START Data supplied

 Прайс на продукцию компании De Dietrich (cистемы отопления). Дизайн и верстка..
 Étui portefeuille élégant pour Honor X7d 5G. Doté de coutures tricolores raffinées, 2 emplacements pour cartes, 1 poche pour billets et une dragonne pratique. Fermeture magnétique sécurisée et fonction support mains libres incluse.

END Data supplied
START Data supplied

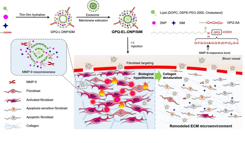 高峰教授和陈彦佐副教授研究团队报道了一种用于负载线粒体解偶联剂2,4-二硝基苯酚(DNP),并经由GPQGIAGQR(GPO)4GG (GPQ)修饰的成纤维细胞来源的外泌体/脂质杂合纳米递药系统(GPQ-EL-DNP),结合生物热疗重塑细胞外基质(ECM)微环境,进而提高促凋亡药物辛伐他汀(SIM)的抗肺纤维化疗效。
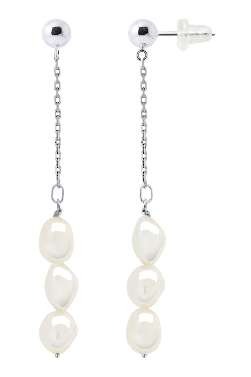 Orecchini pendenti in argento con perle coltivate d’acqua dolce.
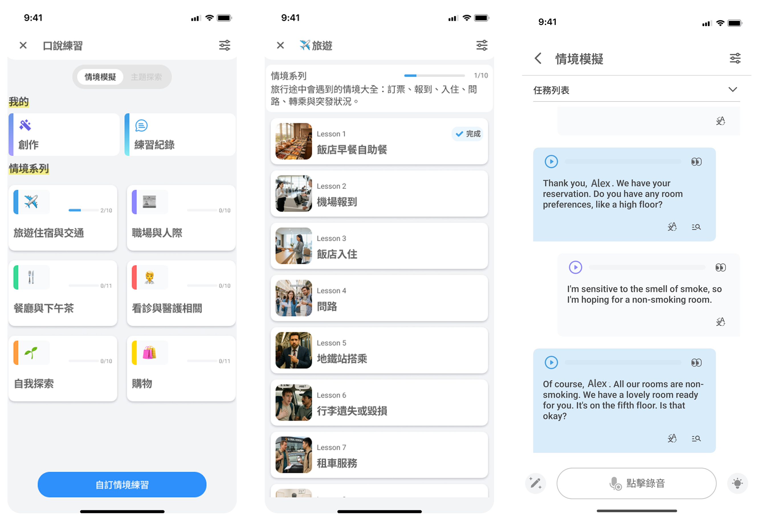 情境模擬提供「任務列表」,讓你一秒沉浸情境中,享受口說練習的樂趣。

END Data supplied

Work order: Beginning with the line above that contains "Прайс на продукцию", copy each line exactly up to and including the line that contains "Étui portefeuille élégant", and go no further.

Response to the task:
 Прайс на продукцию компании De Dietrich (cистемы отопления). Дизайн и верстка..
 Étui portefeuille élégant pour Honor X7d 5G. Doté de coutures tricolores raffinées, 2 emplacements pour cartes, 1 poche pour billets et une dragonne pratique. Fermeture magnétique sécurisée et fonction support mains libres incluse.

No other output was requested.